Cuando Paula entró en el salón, se preparó para una conversación desagradable. «Sé cortés y profesional, pero no abandones tus principios». No tenía que haberse molestado con los consejos. Pedro estaba profundamente dormido en el sofá. Estaba tal cual se había sentado. Dormido, parecía menos formidable y menos intimidante que cuando estaba despierto, pero no podía deshacerse de una mueca de dolor y tristeza que le fruncía las comisuras de la boca. Dolor. Todo esto unido a una silla de ruedas y a un bastón deberían haberle hecho parecer vulnerable.
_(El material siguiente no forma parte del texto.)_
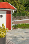Skifferstenlagd uteplats utanför en röd stuga med utsikt över havet. Den härliga uteplatsen med den varmgråa skiffern blir en plats som bjuder in till sociala sammankomster och avkoppling, där du kan njuta av spektakulär havsutsikt.

No era así. Tampoco le restaba atractivo. Con sus afiladas mejillas y la fuerte mandíbula, Pedro Alfonso era poseedor de una belleza clásica. No había duda de ello, a pesar de su delicado estado físico. Tampoco servía para olvidar su reputación como castigo de las damas. Muchas mujeres lo consideraban un buen partido, en especial si estaban dispuestas a excusar su desagradable actitud. Tenía la cabeza en una postura que, sin duda, terminaría dándole un buen dolor de cuello. A pesar de todo, Paula no se molestó en despertarle. Por eso, anduvo de puntillas, deseando poder evitar más enfrentamientos desagradables. Ya en la puerta, se atrevió a mirarlo. Decidió que cuanto menos interactuara con su jefe, mucho mejor.
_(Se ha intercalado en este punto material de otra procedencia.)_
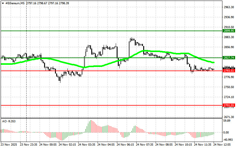 Сценарий №2: покупать эфир можно от нижней границы $2793 при отсутствии рыночной реакции на ее пробой в обратную сторону к уровням $2827 и $2899.

Pedro se despertó con el sonido de una puerta que se cerraba. Se irguió en el sofá y estiró el cuello en todas direcciones. En el breve rato que había estado dormido, ya tenía un agudo dolor en la base del cráneo. Otro músculo dolorido para que Juan pudiera trabajarlo durante la sesión de la tarde. Si él accedía. Tal vez volvería a saltársela. De todos modos, ¿De qué servía? Aquella manera de pensar lo enojaba, aunque también lo dejaba sintiéndose muy derrotado. Quería ponerse mejor, pero, ¿Y si no lo hacía nunca? ¿Y si los médicos tenían razón? Se levantó con dificultad apoyándose todo lo posible en el bastón. Lo odiaba. Odiaba tener que usarlo. Sin embargo, más que nada, odiaba lo que representaba. Le gritaba al mundo que Pedro Alfonso ya no era el hombre que solía ser. Estaba herido. Limitado. Inútil. Precisamente lo mismo que su madre siempre le había acusado de ser. Recordó la conversación que habían tenido poco después de que él llegara a la casa que ella tenía en Charleston.
—Lo único que se te da bien es gastar dinero. Has agotado la herencia del abuelo viviendo a cuerpo de rey en Europa. Sin preocupaciones ni responsabilidades. Bueno, pues no esperes que yo te eche una mano ahora. Eres como tu padre. Jamás guardaste nada para el invierno.